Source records

● ● ● ●

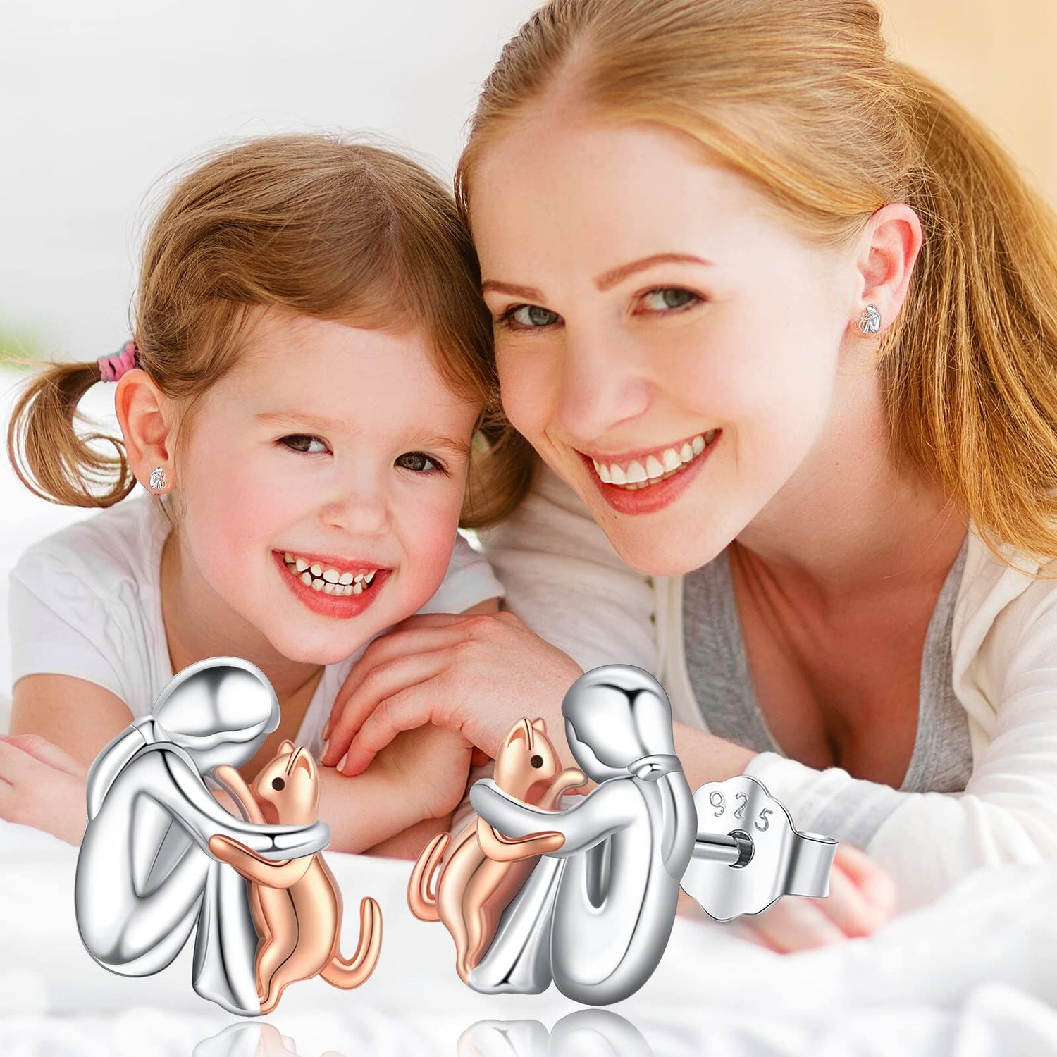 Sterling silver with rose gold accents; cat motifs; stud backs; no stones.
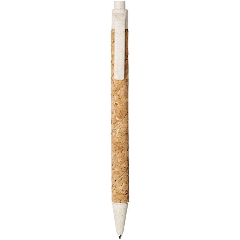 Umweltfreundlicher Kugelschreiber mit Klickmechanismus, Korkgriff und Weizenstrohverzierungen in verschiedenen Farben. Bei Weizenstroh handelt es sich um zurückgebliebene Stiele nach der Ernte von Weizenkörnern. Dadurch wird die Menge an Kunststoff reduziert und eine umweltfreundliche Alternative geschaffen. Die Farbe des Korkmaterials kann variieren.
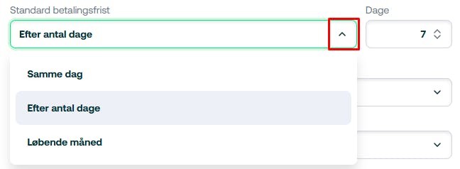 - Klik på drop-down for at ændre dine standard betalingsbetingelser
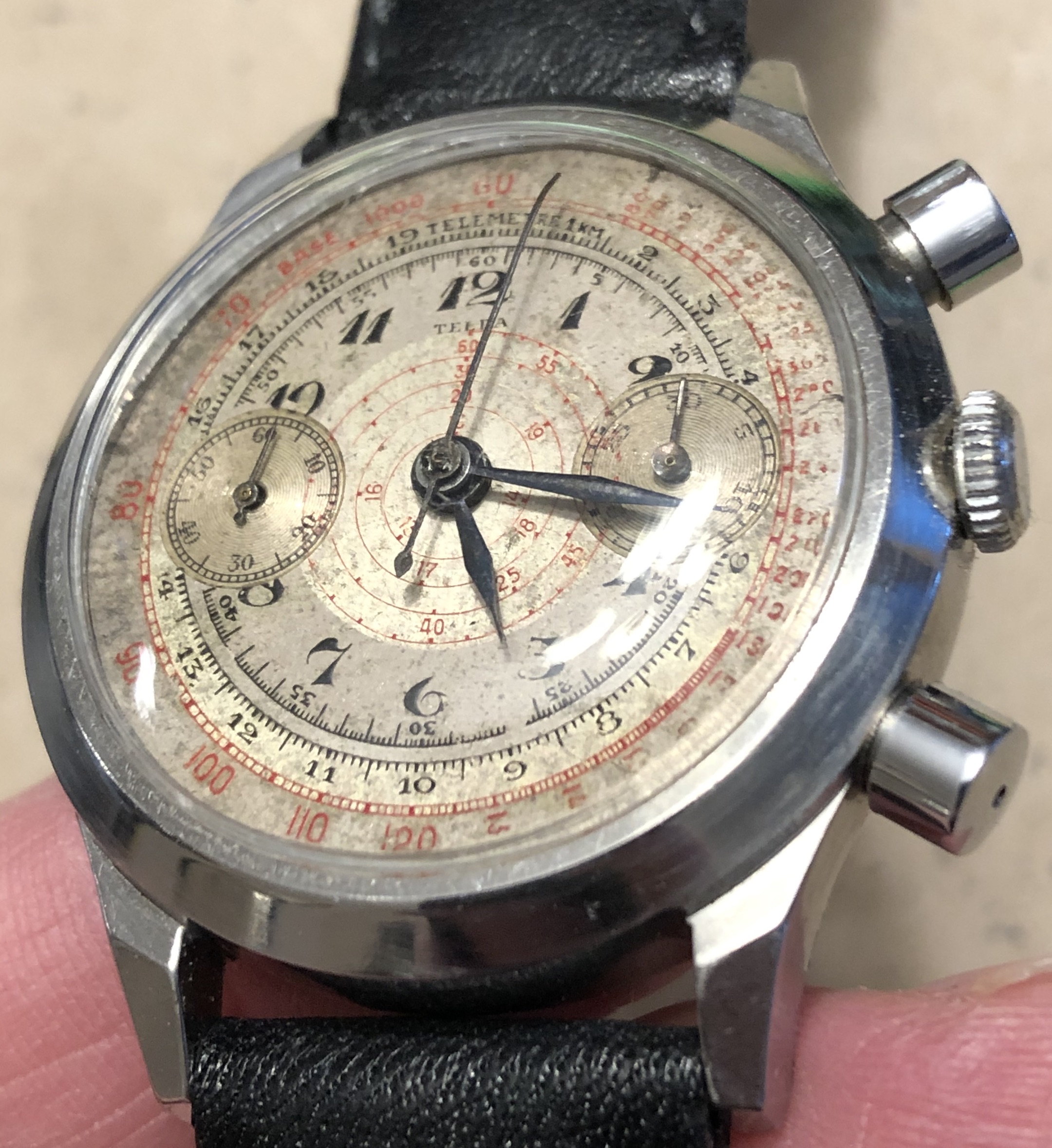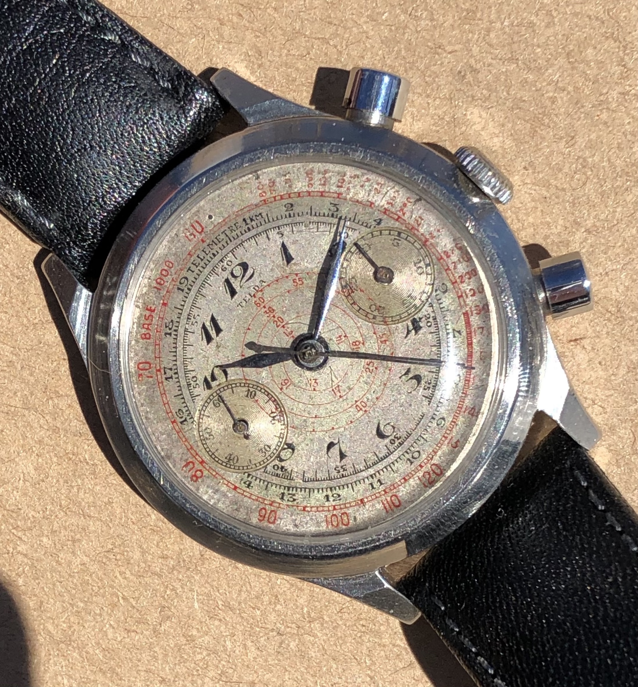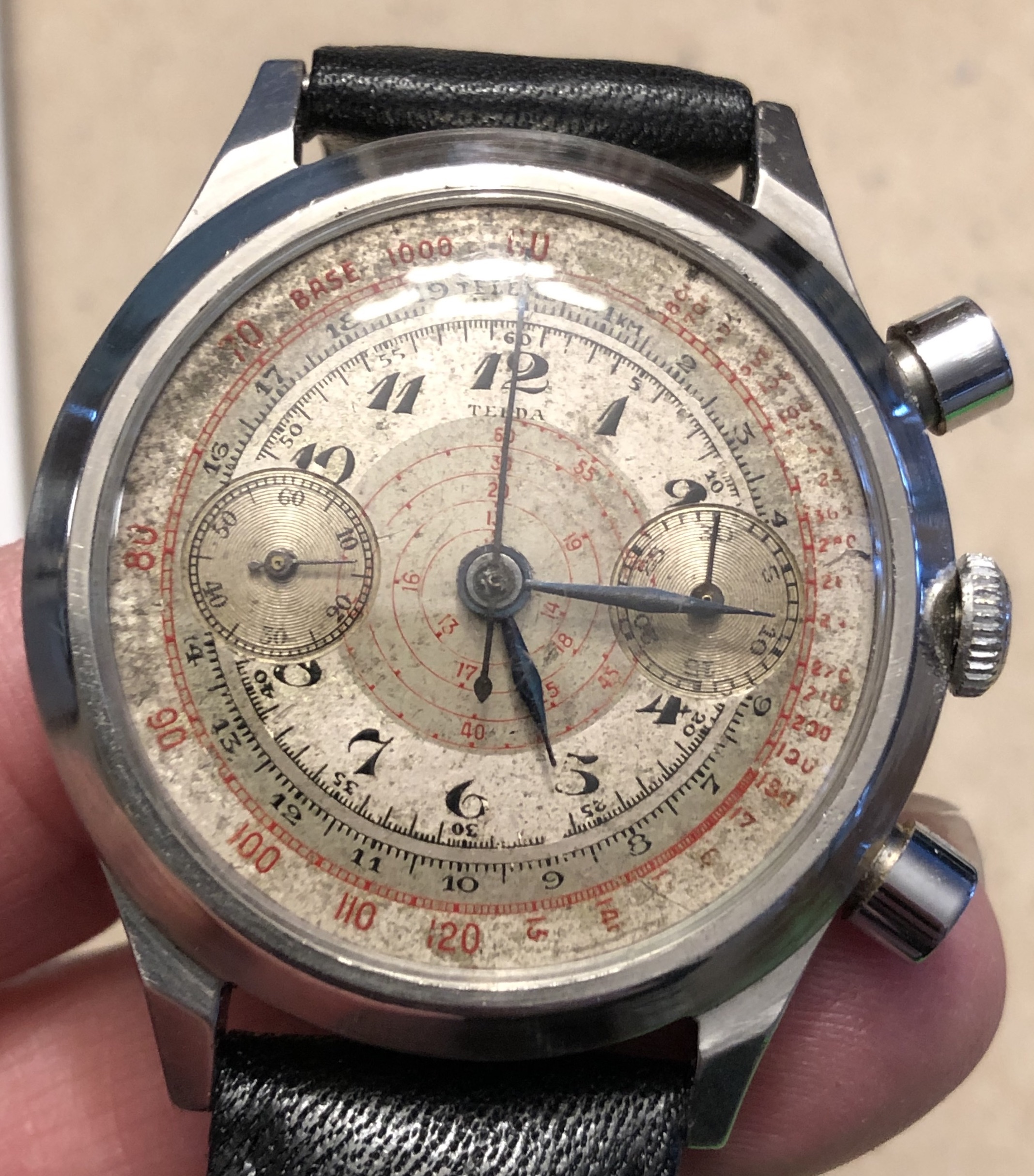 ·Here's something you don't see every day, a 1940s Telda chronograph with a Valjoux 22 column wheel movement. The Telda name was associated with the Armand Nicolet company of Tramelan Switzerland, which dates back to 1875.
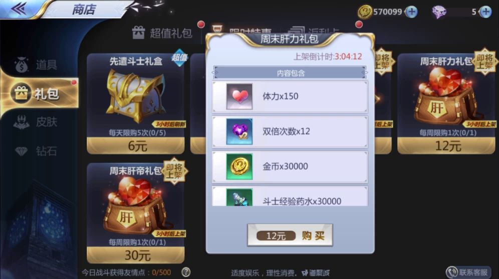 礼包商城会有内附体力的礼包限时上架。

● ● ● ●

- [Task objective] Return the entries above exactly as they appear. Pictures should not be copied.

- [Answer below]
 Sterling silver with rose gold accents; cat motifs; stud backs; no stones.
 Umweltfreundlicher Kugelschreiber mit Klickmechanismus, Korkgriff und Weizenstrohverzierungen in verschiedenen Farben. Bei Weizenstroh handelt es sich um zurückgebliebene Stiele nach der Ernte von Weizenkörnern. Dadurch wird die Menge an Kunststoff reduziert und eine umweltfreundliche Alternative geschaffen. Die Farbe des Korkmaterials kann variieren.
 - Klik på drop-down for at ændre dine standard betalingsbetingelser
 ·Here's something you don't see every day, a 1940s Telda chronograph with a Valjoux 22 column wheel movement. The Telda name was associated with the Armand Nicolet company of Tramelan Switzerland, which dates back to 1875.
 礼包商城会有内附体力的礼包限时上架。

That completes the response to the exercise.